Post - Top - Home - Printer Friendly - Translate

Subject: RE: HTML Practice Thread
From: Artful Codger
Date: 20 Dec 10 - 10:55 AM

I ran a simple conversion test, pasting mixed text from a source plain text file (Unicode by default, or I couldn't have mixed these particular characters). What you see below corresponds to what I saw; I've escaped characters to ensure this message will display properly.

Input:
e é č э

Output (per preview page):
e é č э

What do I conclude from this?

Since the text all appeared in the message box exactly as I pasted it from the source document, the text area widget must be accepting the text as Unicode--no single 8-bit code page contains all these characters; the only other alternative would have been for the text to contain embedded codepage change directives, which I seriously doubt.

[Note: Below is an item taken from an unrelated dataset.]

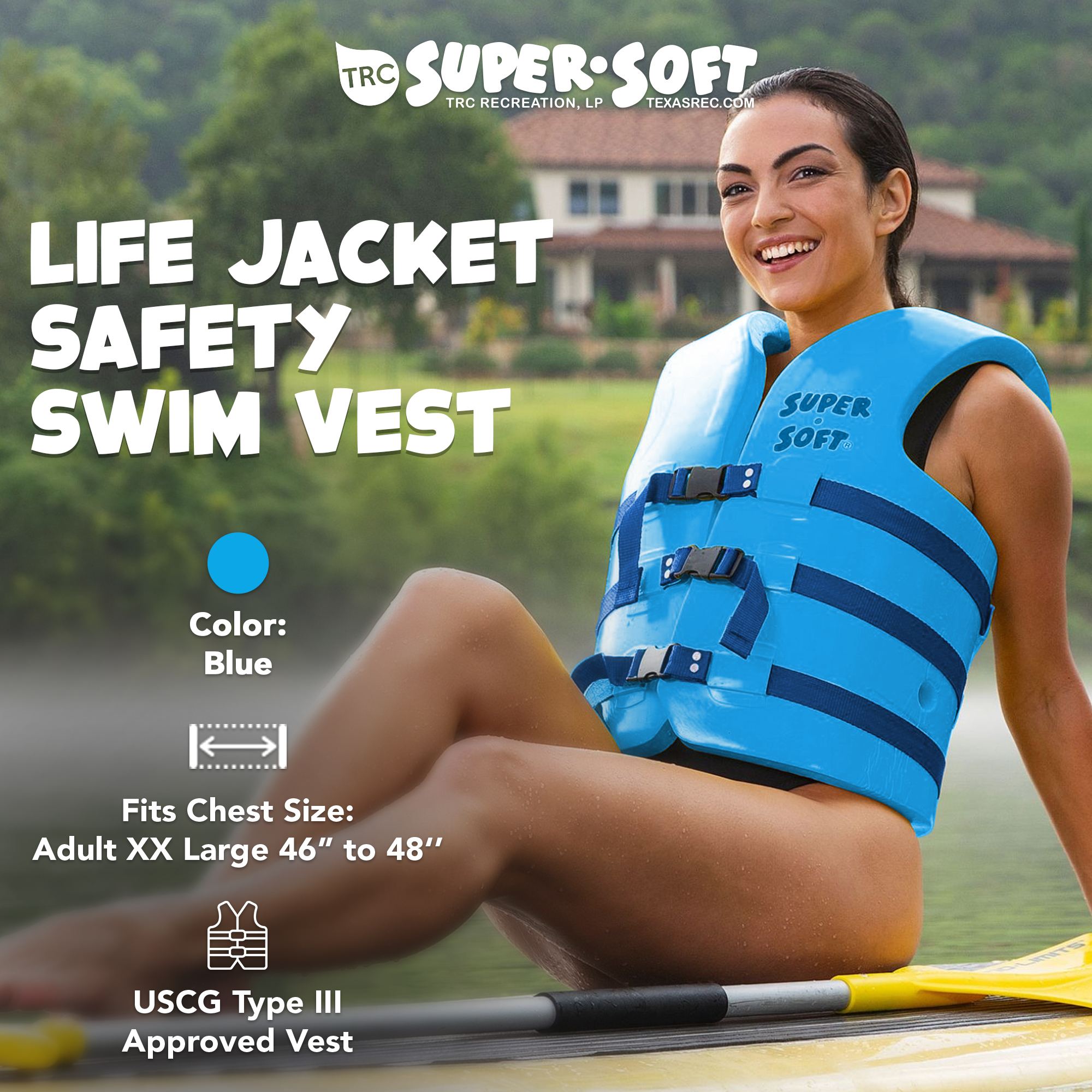 This flotation belt for adults is crafted in the USA and fits chest sizes 46 to 48 inches around. Stay secure and sound while swimming with the TRC Recreation Super Soft USCG-Approved Adult Life Vest. This meticulously crafted watersport vest prioritizes your security, ensuring a snug and secure fit for adult sizes. Whether swimming, boating, or engaging in water sports, trust this USCG-approved life vest to keep you safe and sound, allowing you to enjoy your aquatic pursuits with confidence and peace of mind.

The text widgets don't know they're specifically dealing with HTML or text to be converted to HTML, so the conversions which were performed (on the latter two characters) were done by Mudcat. This, by the way, is relatively new behavior; I've tried similar tests with Czech and Cyrillic before, and there was no automatic conversion.

Because the Czech and Cyrillic characters were converted automatically, Max must have realized that any character value greater than xFF must be a Unicode value, and hence safe to convert. Presumably, this includes all smart quotes, long dashes, Euro symbols, etc. whenever the text arrives in the message box as Unicode (but not as codepage-encoded text). I haven't tested what happens if you directly type in text, since my presumption is that all direct text entry will be Unicode by default.

The fact that Max has not employed a similar automatic conversion for characters in the 00-FF range suggests that he knows text is still arriving in the text area encoded according to locale-specific codepage mappings; it is not always being converted to Unicode by the user's paste operation. And because no information is transferred to indicate which encoding was used, it's unsafe to apply a default (like Unicode/ISO-Latin-1) which would munge text pasted as ISO-Latin-5, Win 1295 or KOI8-R. These would likely misdisplay to most users anyway, but at least one can get the right display by changing display settings. Once the characters are escaped, they will only display according to the Unicode characters for those escapes.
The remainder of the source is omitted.